Data excerpts:
=-=-=

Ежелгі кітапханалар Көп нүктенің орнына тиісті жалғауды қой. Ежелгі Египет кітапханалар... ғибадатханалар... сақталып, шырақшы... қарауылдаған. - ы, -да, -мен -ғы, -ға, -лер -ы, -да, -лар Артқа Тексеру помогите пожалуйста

=-=-=

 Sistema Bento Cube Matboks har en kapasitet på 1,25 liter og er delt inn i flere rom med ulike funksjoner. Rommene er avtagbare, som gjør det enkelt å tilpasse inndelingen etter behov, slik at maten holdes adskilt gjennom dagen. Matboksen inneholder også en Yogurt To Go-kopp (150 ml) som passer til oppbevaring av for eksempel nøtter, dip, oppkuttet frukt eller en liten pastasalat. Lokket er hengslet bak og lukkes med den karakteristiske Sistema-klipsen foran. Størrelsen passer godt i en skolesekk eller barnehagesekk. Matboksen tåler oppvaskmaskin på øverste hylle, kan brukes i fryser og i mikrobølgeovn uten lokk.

=-=-=

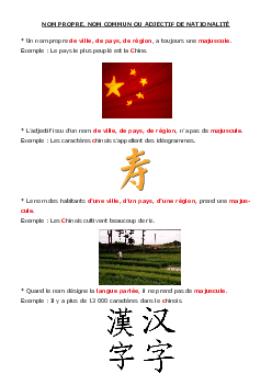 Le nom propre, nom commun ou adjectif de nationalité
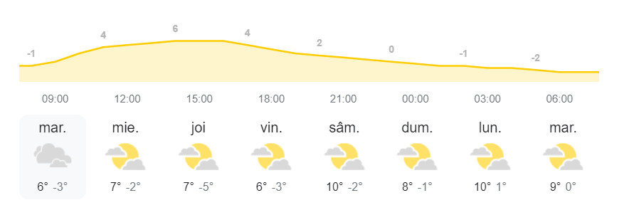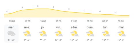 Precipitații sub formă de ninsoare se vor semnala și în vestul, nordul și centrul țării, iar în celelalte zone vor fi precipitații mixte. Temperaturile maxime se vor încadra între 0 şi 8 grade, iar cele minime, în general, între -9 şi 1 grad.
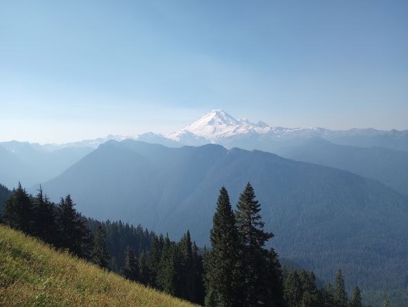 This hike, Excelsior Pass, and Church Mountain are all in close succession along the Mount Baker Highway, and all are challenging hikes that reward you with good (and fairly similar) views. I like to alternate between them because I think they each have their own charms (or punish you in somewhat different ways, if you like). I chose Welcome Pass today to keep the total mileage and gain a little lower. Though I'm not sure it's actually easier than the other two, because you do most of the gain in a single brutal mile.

=-=-=

Copy nothing but the lines above from the one with "Le nom propre, nom" to the one with "This hike, Excelsior", inclusive, word for word. Leave every picture out.

 Le nom propre, nom commun ou adjectif de nationalité
 Precipitații sub formă de ninsoare se vor semnala și în vestul, nordul și centrul țării, iar în celelalte zone vor fi precipitații mixte. Temperaturile maxime se vor încadra între 0 şi 8 grade, iar cele minime, în general, între -9 şi 1 grad.
 This hike, Excelsior Pass, and Church Mountain are all in close succession along the Mount Baker Highway, and all are challenging hikes that reward you with good (and fairly similar) views. I like to alternate between them because I think they each have their own charms (or punish you in somewhat different ways, if you like). I chose Welcome Pass today to keep the total mileage and gain a little lower. Though I'm not sure it's actually easier than the other two, because you do most of the gain in a single brutal mile.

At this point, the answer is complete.